10. İl Eğitim Tarihi Müzeleri Albümü (2018): Milli Eğitim Bakanlığı tarafından 24 Kasım 2017’de 81 ilde açılan İl Eğitim Tarihi Müzelerini tanıtan bu eser, bir grup arkadaşla birlikte hazırlandı. MEB Orta Öğretim Genel Müdürlüğü tarafından yayınlandı.

11. Kaşıkçı Ali Rıza Efendi’nin 40 Hadis Şerhi (2019): Ali Rıza Efendi Konya’nın son döneminde yetişmiş ve Medine’ye hicret etmiş âlimlerindedir.
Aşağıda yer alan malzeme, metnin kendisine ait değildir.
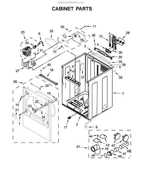 This lower cabinet base replaces a worn or damaged support panel that stabilizes the appliance and houses lower components. Restoring the base improves cabinet alignment and helps prevent vibration and under-cabinet damage. What it does: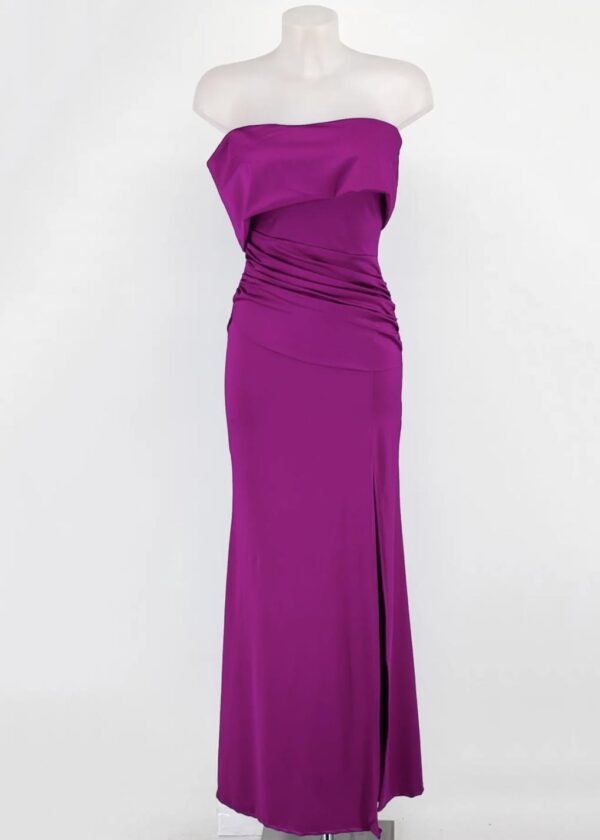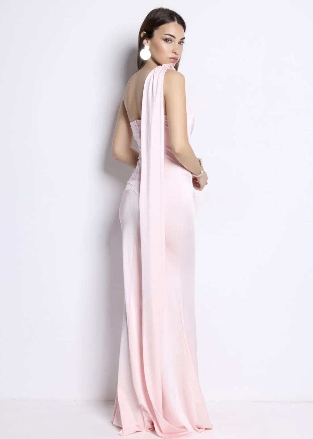 Vestido largo de licra de corte sirena, de escote asimétrico y cuerpo drapeado. Caída desde el hombro y fruncido en la parte trasera, con cremallera invisible en la espalda, abertura lateral.
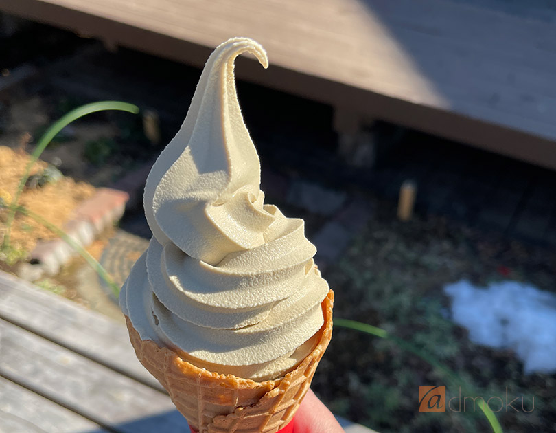 戻ってきたら紅茶のソフトクリームというのに目が行き、寒いのに外で食べました。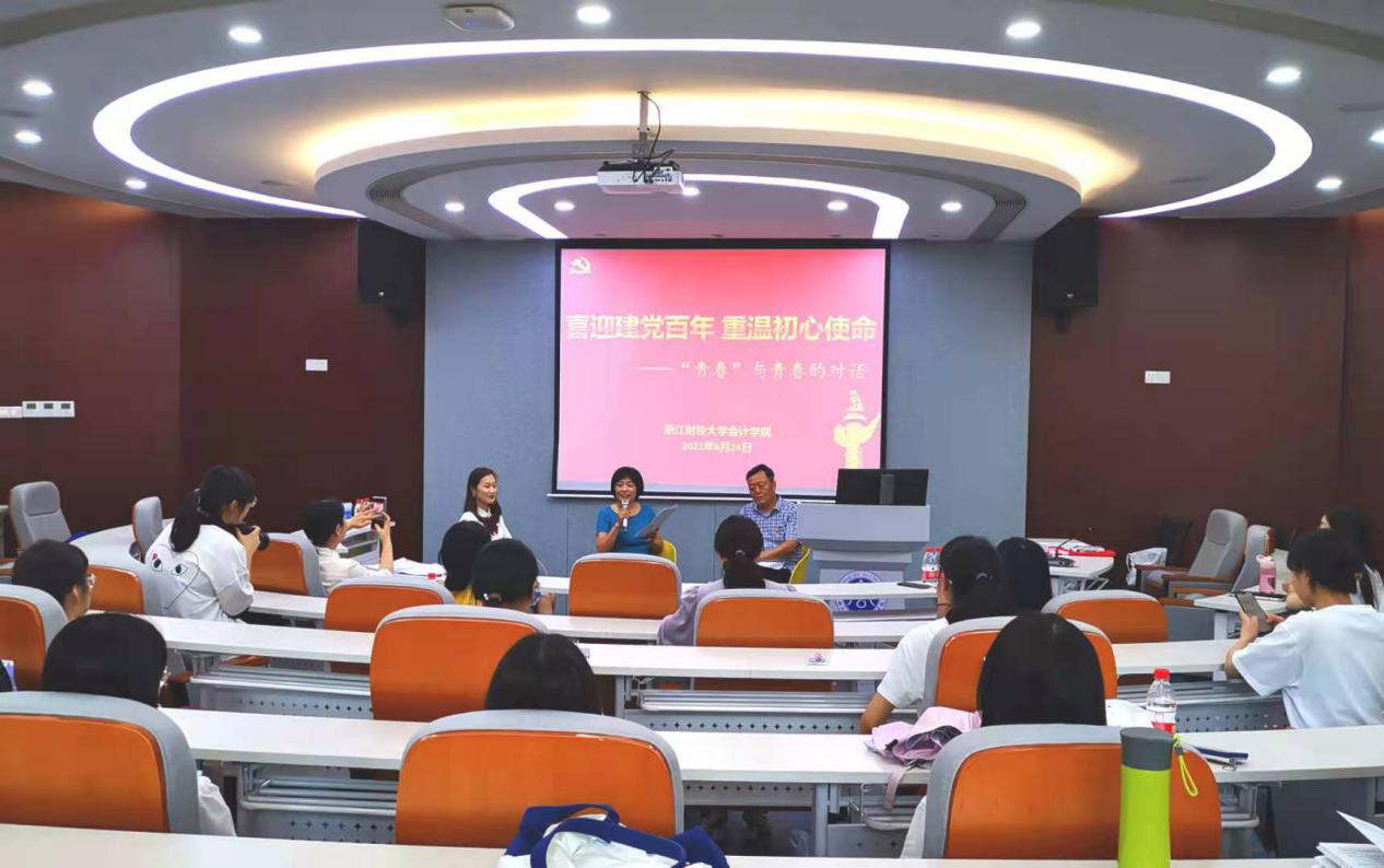 本网讯近日,会计学院举办“‘青春’与青春的对话”活动,邀请学院资深党员邵毅平和杨忠智为60余名青年党员讲述入党故事,引领青年党员“不忘来时路”,激励青年一代做时代新人,以实际行动庆祝建党100周年。

O seçtiği kırk hadisi tasavvufi bilgiler ışında açıklamıştır. Konuları bazen kendi yazdığı şiirlerle şiirleriyle zenginleştirmiştir. Eser Kaşıkçı Ali Rıza Konevi Vakfı tarafından yayınlandı.

12. Konya Öğretmenleri (2020): Bu çalışmada Osmanlının son döneminde muallim olarak yetişmiş ve görevi Cumhuriyetin ilanından sonra da devam eden 120 öğretmenin hayat hikâyesi anlatılmaktadır. Hayat hikâyelerinin hazırlamasında Konya İl Milli Eğitim Müdürlüğü Özlük Arşivinde yararlanıldı. Eser Konya Büyükşehir Belediyesi Kültür A.Ş. tarafından yayınlandı.

13. Konya İmam Hatip Okulu (2020): 1951’de Türkiye’de açılan ilk yedi imam hatipten biri olan Konya İmam Hatip Okulunun açılışı, öğretmenleri ve faaliyetlerini konu edinen belgesel niteliğindeki bu eser, okulun 1951’den 1971’e kadar ki 20 yılını kapsamaktadır. Eser Konya Büyükşehir Belediyesi Kültür A.Ş. tarafından yayınlandı.

14. Şehrimiz Konya: Gençlerimize Konya’mızı tanıtmak ve sevdirmek amacıyla bir gurup öğretmen arkadaşla beraber hazırladık. Bu yıl içinde inşallah çıkacak.

Konya’da yaşamış peygamberler üzerine detaylı araştırma yaptınız. Bu konuyu etraflıca konuşmak istiyorum. Ama konuya önce Konya'nın derin tarihinden başlayalım. Eski çağlardan bu yana Konya’da hangi kavimler yaşamıştır?

Konya, tarihi bir şehir. Burada yerleşik hayat çok eski çağlarda başlıyor. Konya adının ‘Kutsal Tasvir’ anlamındaki ‘İkon’ sözcüğüne bağlı olduğu iddia edilir. Bu konuda değişik efsaneler bulunmaktadır. Bunlardan biri; kente dadanan ejderhayı öldüren kişiye şükran ifadesi olarak bir anıt yapılır ve üzerine de olayı anlatan bir resim çizilir. Bu anıta verilen isim, "İkonion" dur.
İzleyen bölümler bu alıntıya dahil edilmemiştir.